Small Business Person of the Week: Eitan Boyd, Chief Executive, Stride Gaming
“We launched in 1999, to offer online bingo games in the UK with a British feel to them – previously it was all very American. We built two technology platforms and sold both before starting again with what we have now. We built it from scratch in 2010 and it’s grown quickly.
“We operate through nine different brands. In online gaming we find this is the best way to acquire customers more efficiently and to extract more value from the brands. When someone gets fed up with playing one particular game with us, there are other brands we can cross-sell.
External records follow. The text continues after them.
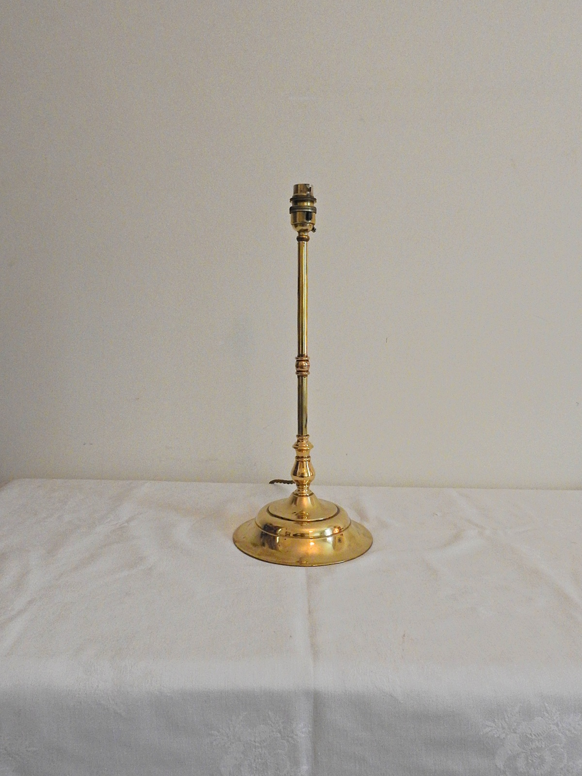 An early c.20th cast-brass table standard with impressive circular base and photographed with a fabric shade (not for sale). English c.1905
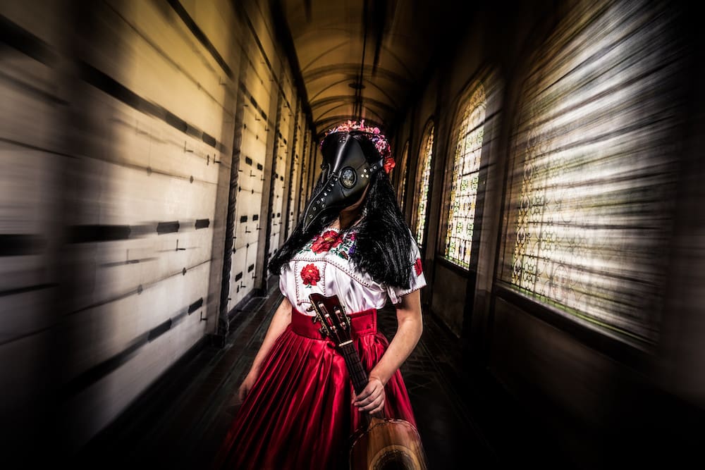Halloween is a holiday meant to frighten in the States, but in Mexico, Dia de los Muertos is a sorrowful yet optimistic occasion. Images of the Black Death dance with traditional Mexican symbols and garb in Nancy Sanchez’s latest single, which she began writing at 18 and finished when the pandemic gave it new meaning. The music video tells the story of “La Maldita Bruja” in two acts: first she begins with a classical guitar on the beach before she dons a pointed physician’s mask and approaches an altar. The onset of coronavirus gave us more to fear than ghost stories but Sanchez is hopeful. The ones we lost are always with us, helping us work toward a brighter future.
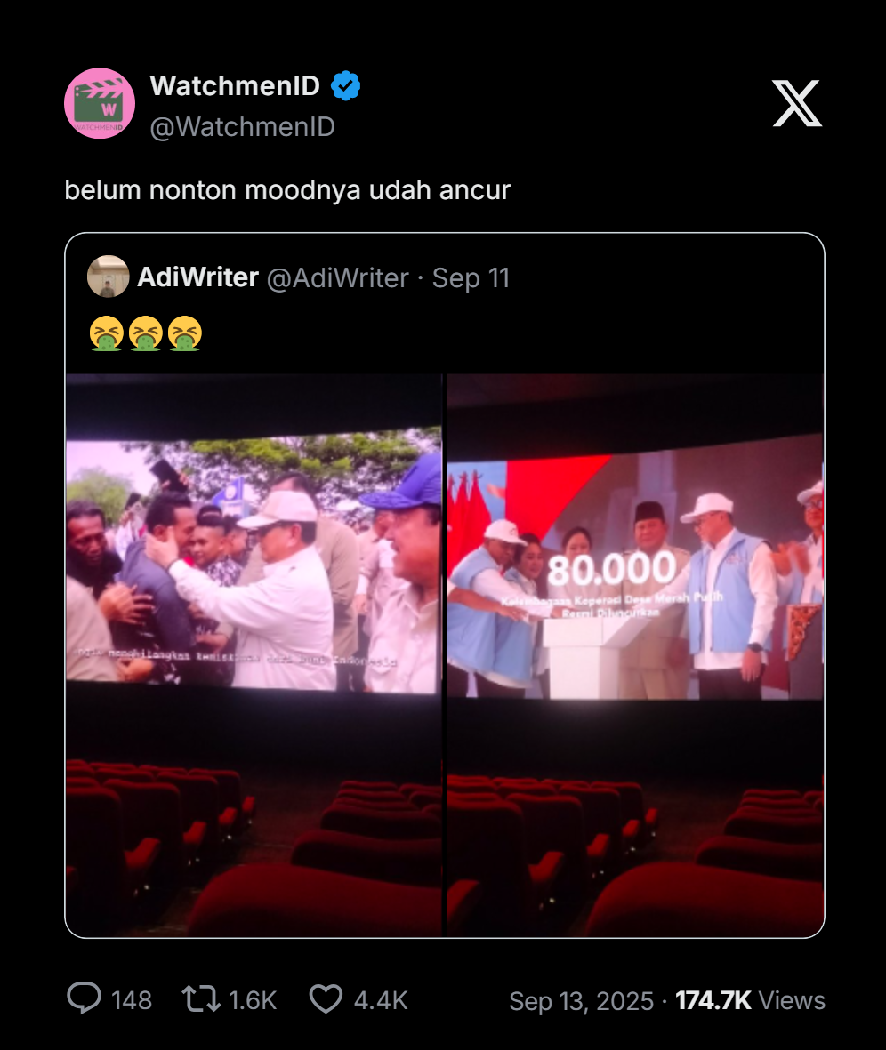 “belum nonton moodnya udah ancur,” komen akun X @WatchmenID.
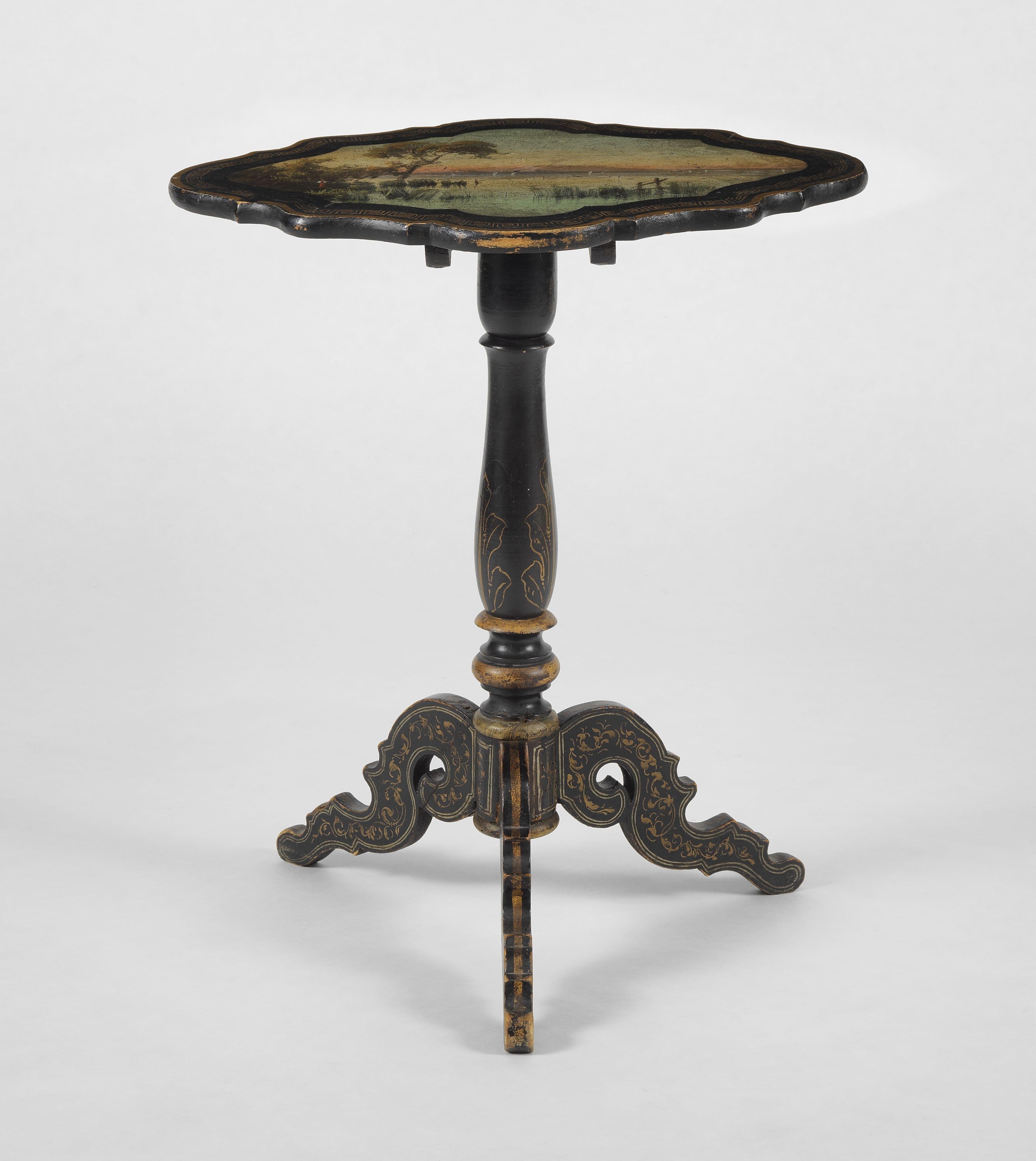 Bois noirci et doré à décor peint d'un paysage lacustre animé, 70x60x45 cm

“We floated on the Alternative Investment Market in May, raising £10m. We said when we floated that we thought we’d make a profit [as measured by Ebitda] of £5m for our financial year, but we’ve exceeded that by 40 per cent and made more than £7m.
“The multi-brand strategy has been the key to that – our marketing has become more efficient and customers are staying with us for longer. We’ve also made a big push into mobile – a year ago, only 20 per cent of our revenues came from players on mobiles, but today it’s more like 50 per cent.
“We’re excited about the future. We’ll continue to invest in mobile, but we’re also thinking about international expansion. We’re looking at Italy, Spain and Denmark, for example.
“Acquisitions are also a possibility – we’re looking at opportunities to grow this way as well as organically.”